Arena Strategy: Video Draft & Game 1 Walkthrough

MrShine shows us how he drafts his Arena decks (thought process and draft decisions) and maintains a 71% (infinite run) Arena Win rate!


Hello there!  My name is MrShine, I’m a 28 year old from Wisconsin who’s been in love with games of all sorts for as long as I can remember. 

I’ve played a variety of trading card games in the past (Magic: The Gathering and Pokémon to name a few) but it was Hearthstone I fell in love with when I joined the beta last year.  I found Hearthstone’s arena mode appealing right away, and have built my card collection up almost exclusively through arena earnings and daily quests.  I am currently an “infinite” arena player (My average arena winnings are greater than the 150 gold entry fee) with a win rate of over 71%. If you’re interested you can check out my arena stats here.

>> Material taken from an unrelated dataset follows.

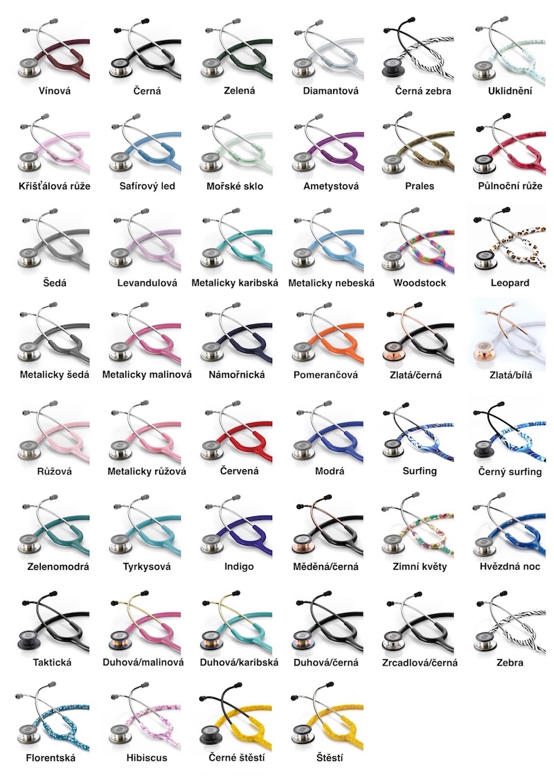 * membrána na obou stranách * vhodný pro auskultaci dospělých i dětí * malá membrána vhodná pro auskultaci na nepřístupných místech, v okolí bandáží, u malých pacientů, v pediatrii, v oblasti karotid * malou membránu lze sejmout a vytvořit tak klasický trychtýř * hrudní koncovka z chirurgické nerezové oceli * technologie AFD pro vylepšenou akustickou odezvu u membrán pro dospělé i děti * hluboký zvon pro výbornou nízkofrekvenční odezvu * nechladící okraje zvonu a membrány pro pohodlí pacienta * lyra z nerezové oceli nastavená v úhlu 15 st. pro maximalizaci pohodlí a akustické utěsnění * flexibilní hadičky bez ftalátů * silikonové olivky pro maximální pohodlí při nošení a akustické utěsnění

I enjoy discussing Hearthstone almost as much as I enjoy playing it, and – if you can put up with my pondering playstyle –  I hope you’ll find my videos both entertaining and educational.

In the first video guide I’ll walk through my thought process and draft decisions while assembling a Druid deck for the arena.  In the second video we’ll take the deck for a test drive as we cross cards with a Paladin who proves to be almost too hot to handle. 

The Draft

Draft Comments & Pick Justifications:

Pick 4:  scarlet-crusader, Starfire, Stranglethorn-Tiger

I picked the scarlet-crusader, but the other two were strong options.  Starfire is strong in the late game but costs a lot of mana for the benefit of the card draw.  I personally value it slightly less than other arena players may, simply because it’s not a card you want to play on turn 6 due to the tempo loss.  Stranglethorn-Tiger on the other hand is a fantastic card that I love in the arena and probably value higher than other sites.  It’s “flamestrike immune” in the late game due to its stealth (unless the mage has + spellpower) and can often set up a strong follow-up turn.  I passed it up here however because at this stage in the draft I’d prefer a strong 3 drop over a strong 5 drop.

Pick 26: power-of-the-wild, shattered-sun-cleric, savage-roar

This one was tricky.  I had enough 2-drops to rule out power-of-the-wild, but while I picked the cleric savage-roar was very tempting as a finisher or a bit of burst damage.  I had a low curve so there was a good chance I could have some small minions out on the board, and savage-roar could help me end games before they get too deep into the late game.  In the end though arena is about drafting consistently strong cards, and for every game savage-roar might win for me there would be another game where it would be a very inefficient card to play.  shattered-sun-cleric on the other hand has more opportunities to be successful, and when combined with certain two drops (of which I had many in this deck) it can be a huge tempo play to set up the rest of the game. 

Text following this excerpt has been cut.